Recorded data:
**********

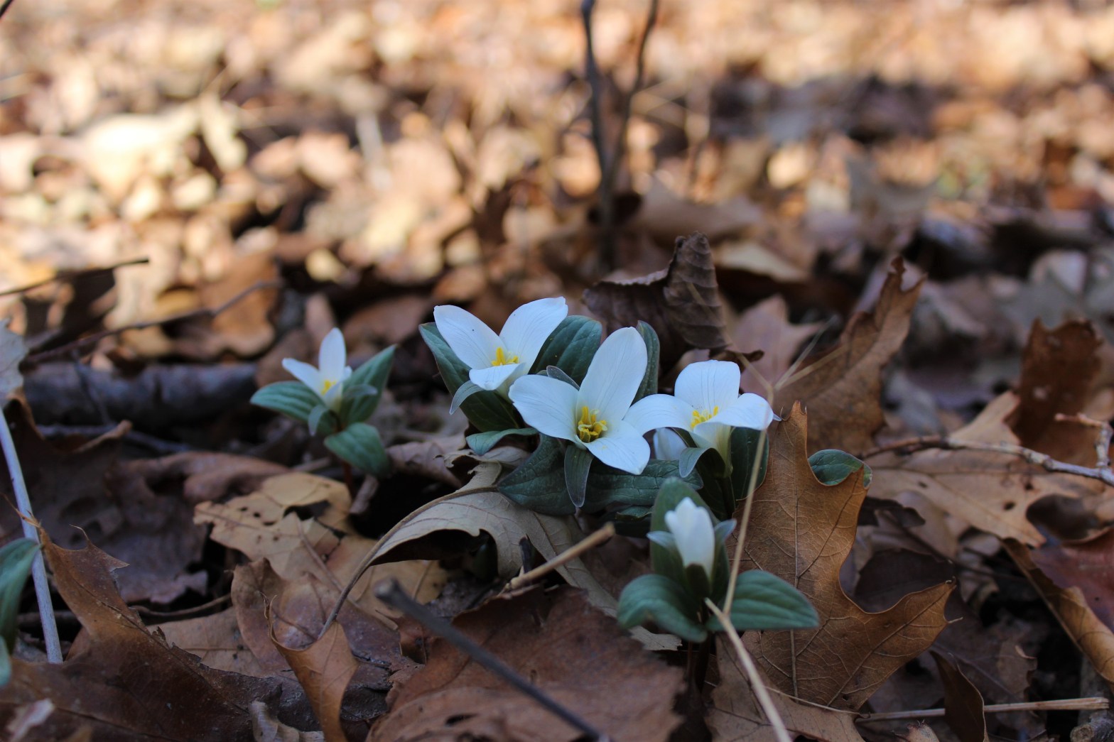 Amongst the dry leaves first appeared one, then three, then ten, then perhaps a couple hundred tiny white flowers! We were exuberant! People scattered and hunched down to get a close look at the tiny beauties. Some trilliums looked like they had just emerged while others had fully opened, basking in the gentle warmth of the early April sun. Along with the snow trillium we found the early shoots of sweet cicely (Osmorhiza sp.), spring beauty (Claytonia virginica), and Canada meadow garlic (Allium canadense). It was amazing to see just how early the trilliums were compared to all other herbaceous species.
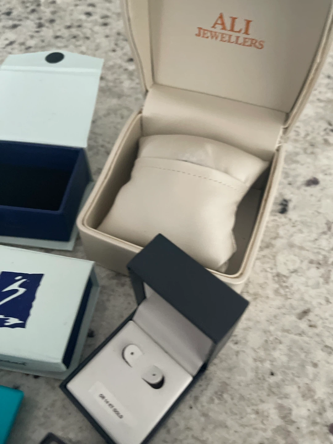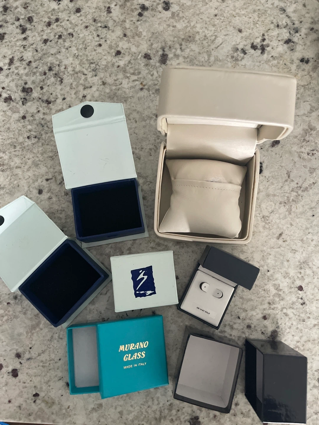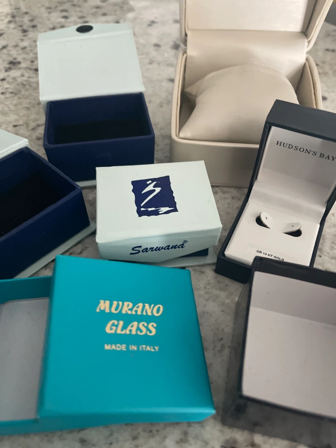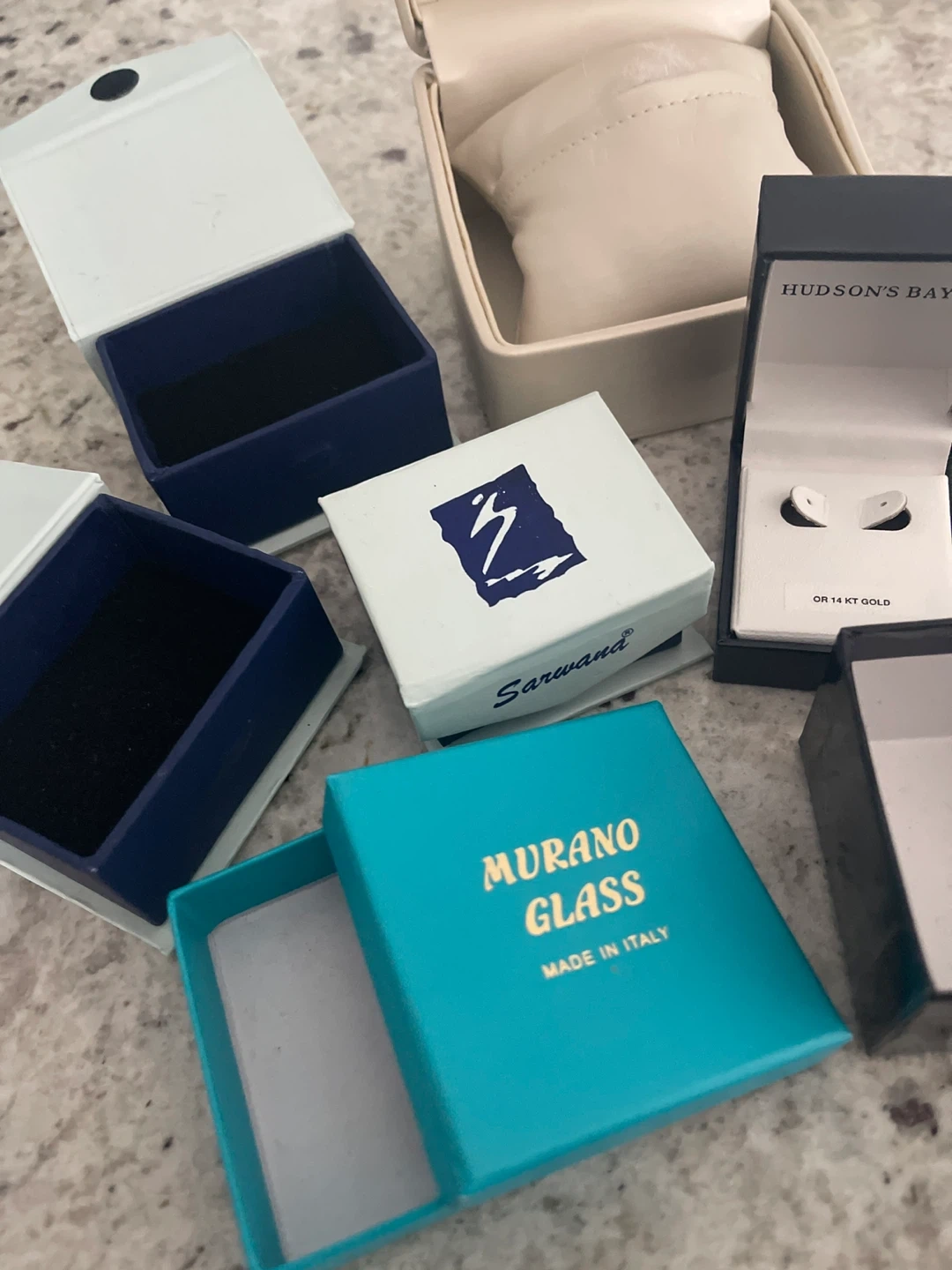 Collection of jewellery boxes including Murano Glass, Sarwana, Hudson's Bay, and Ali Jewellers. Some boxes are blue and white, others are teal and white. This assortment includes boxes for rings, earrings, and watches.
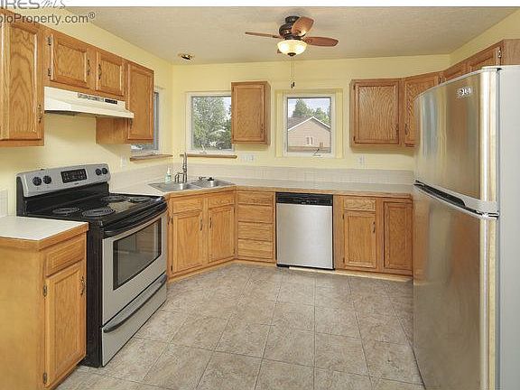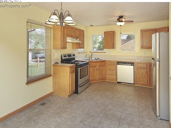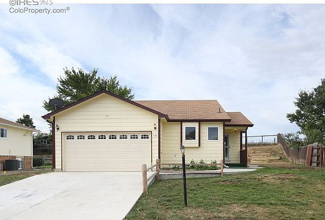 Great sweat equity opportunity with this 3 bd 3 ba ranch style home w/ 2 car garage. New furnace, central A/C, carpet & stamped concrete back patio/walkways! This home offers a big eat in kitchen, vaulted ceilings & full mstr bath. Full bsmt where none of the finish work is complete but has a useable 4th bdrm & 3rd bath. 8400 sq ft fenced lot backs to farmland w/ views of Longs Peak. Yard needs new landscaping. No HOA, RV parking allowed. This home is being sold as is.
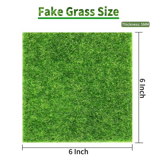 Sherry 6 Packs Fake Grass for Crafts Artificial Garden Grass for Dollhouse 6 X 6 Inches Miniature Ornament Garden Dollhouse DIY Grass
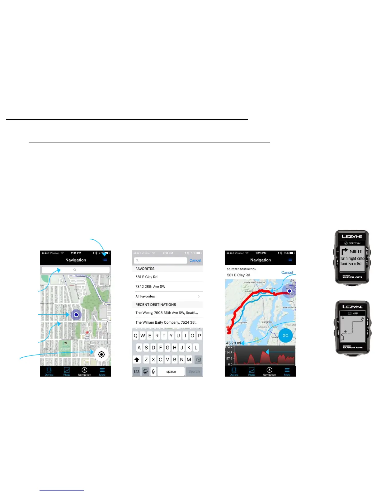 In the Lezyne GPS Ally App v2, on the Navigation tab, you can search
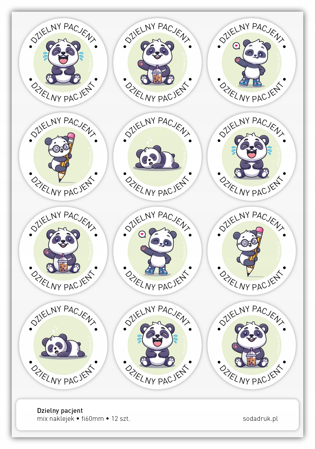 Відважний пацієнт, наклейки: 12 шт. панда суміш
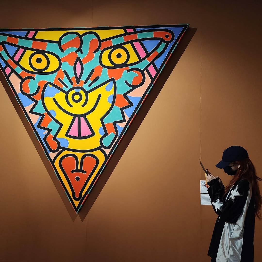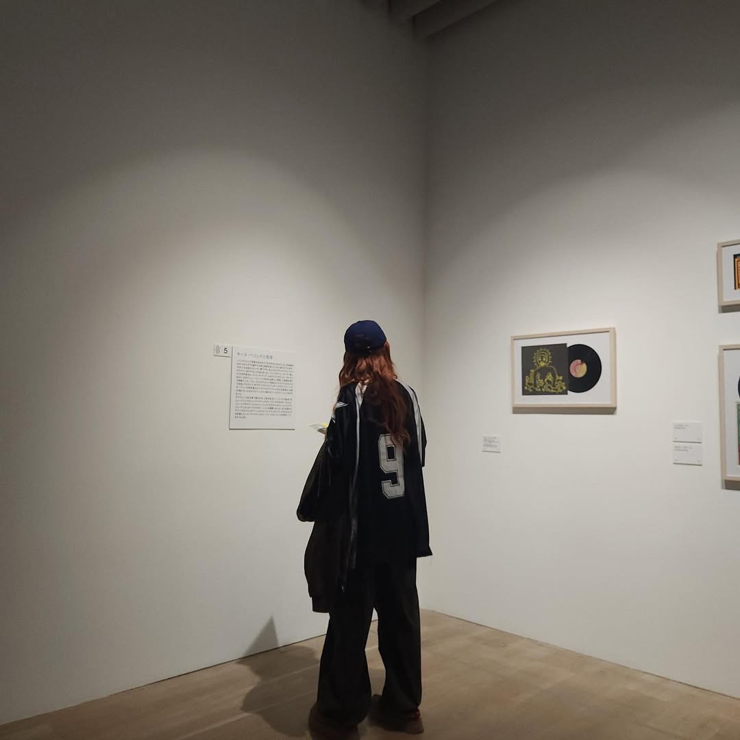 背影是所有看展照片中最容易成功的姿势,因为它天然就自带神秘感与故事感。许允真常做的半身背影,是上半身靠近作品,让观众知道你正在专注欣赏作品,同时让背影成为整个构图的主角。
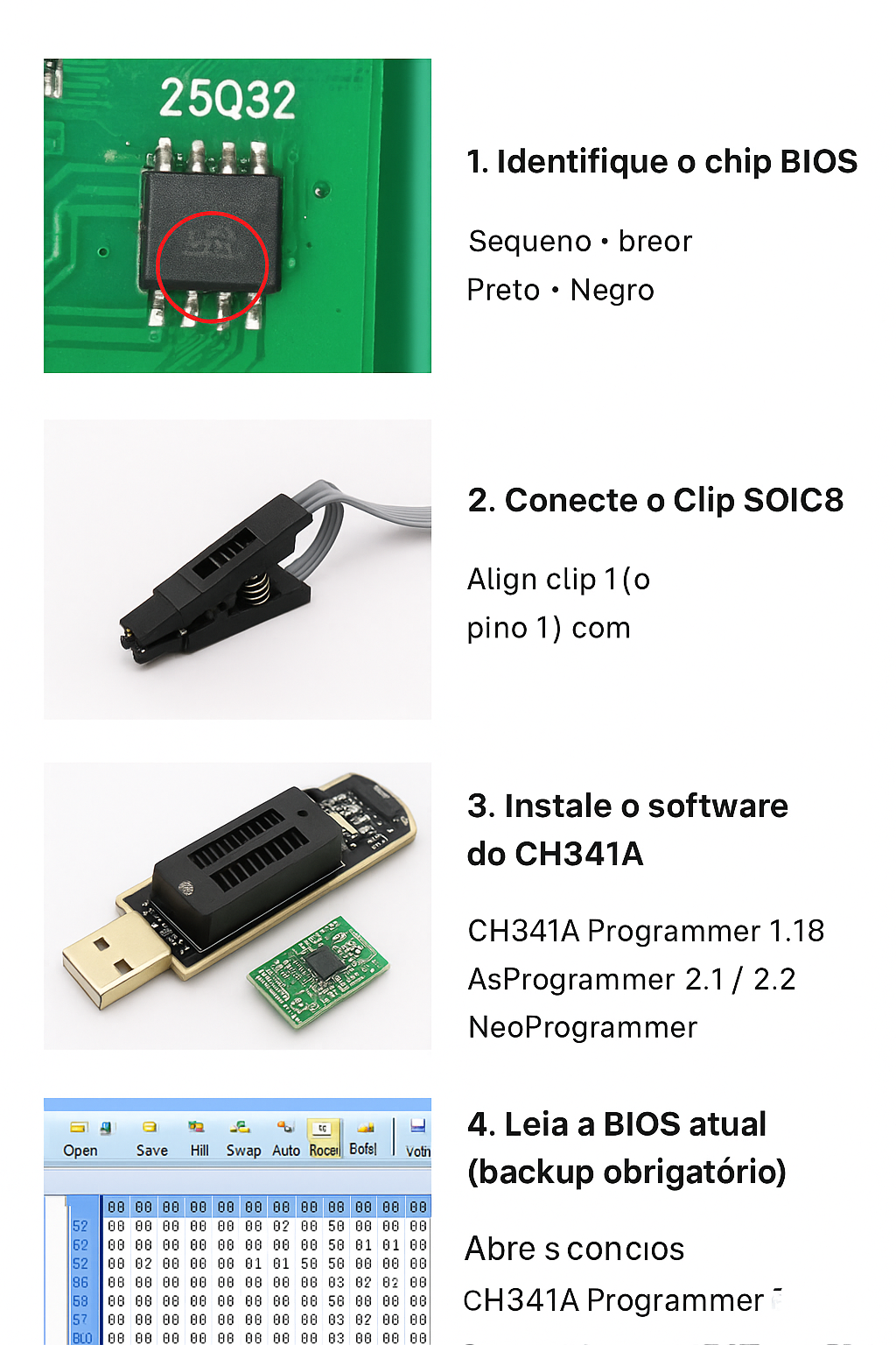 Uma das soluções mais eficientes para identificar e corrigir esse problema é utilizar o programador CH341A, um dispositivo barato e simples capaz de ler e reescrever BIOS em chips do tipo SPI EEPROM.
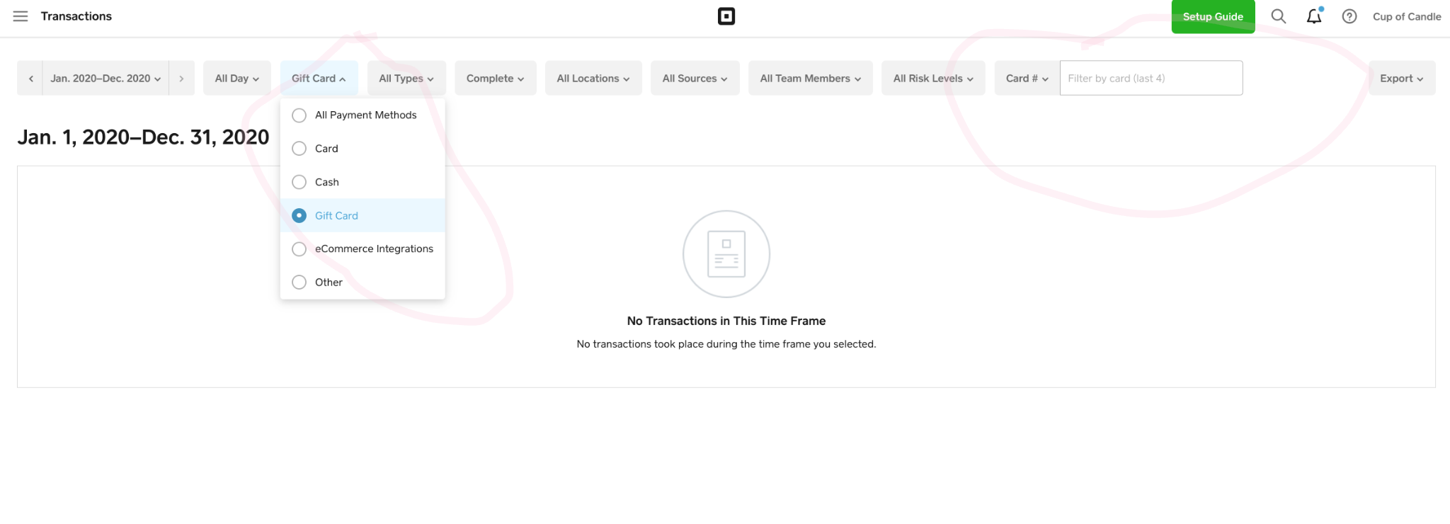 Hmmm. Can you try going to Square Dashboard > Transactions > Select time frame > All Payment Methods > Gift Cards > and then search by the last 4?

**********

• Instructions to follow: The answer must be an exact copy of the records above, with the pictures left out.

• Task response:
 Amongst the dry leaves first appeared one, then three, then ten, then perhaps a couple hundred tiny white flowers! We were exuberant! People scattered and hunched down to get a close look at the tiny beauties. Some trilliums looked like they had just emerged while others had fully opened, basking in the gentle warmth of the early April sun. Along with the snow trillium we found the early shoots of sweet cicely (Osmorhiza sp.), spring beauty (Claytonia virginica), and Canada meadow garlic (Allium canadense). It was amazing to see just how early the trilliums were compared to all other herbaceous species.
 Collection of jewellery boxes including Murano Glass, Sarwana, Hudson's Bay, and Ali Jewellers. Some boxes are blue and white, others are teal and white. This assortment includes boxes for rings, earrings, and watches.
 Great sweat equity opportunity with this 3 bd 3 ba ranch style home w/ 2 car garage. New furnace, central A/C, carpet & stamped concrete back patio/walkways! This home offers a big eat in kitchen, vaulted ceilings & full mstr bath. Full bsmt where none of the finish work is complete but has a useable 4th bdrm & 3rd bath. 8400 sq ft fenced lot backs to farmland w/ views of Longs Peak. Yard needs new landscaping. No HOA, RV parking allowed. This home is being sold as is.
 Sherry 6 Packs Fake Grass for Crafts Artificial Garden Grass for Dollhouse 6 X 6 Inches Miniature Ornament Garden Dollhouse DIY Grass
 In the Lezyne GPS Ally App v2, on the Navigation tab, you can search
 Відважний пацієнт, наклейки: 12 шт. панда суміш
 背影是所有看展照片中最容易成功的姿势,因为它天然就自带神秘感与故事感。许允真常做的半身背影,是上半身靠近作品,让观众知道你正在专注欣赏作品,同时让背影成为整个构图的主角。
 Uma das soluções mais eficientes para identificar e corrigir esse problema é utilizar o programador CH341A, um dispositivo barato e simples capaz de ler e reescrever BIOS em chips do tipo SPI EEPROM.
 Hmmm. Can you try going to Square Dashboard > Transactions > Select time frame > All Payment Methods > Gift Cards > and then search by the last 4?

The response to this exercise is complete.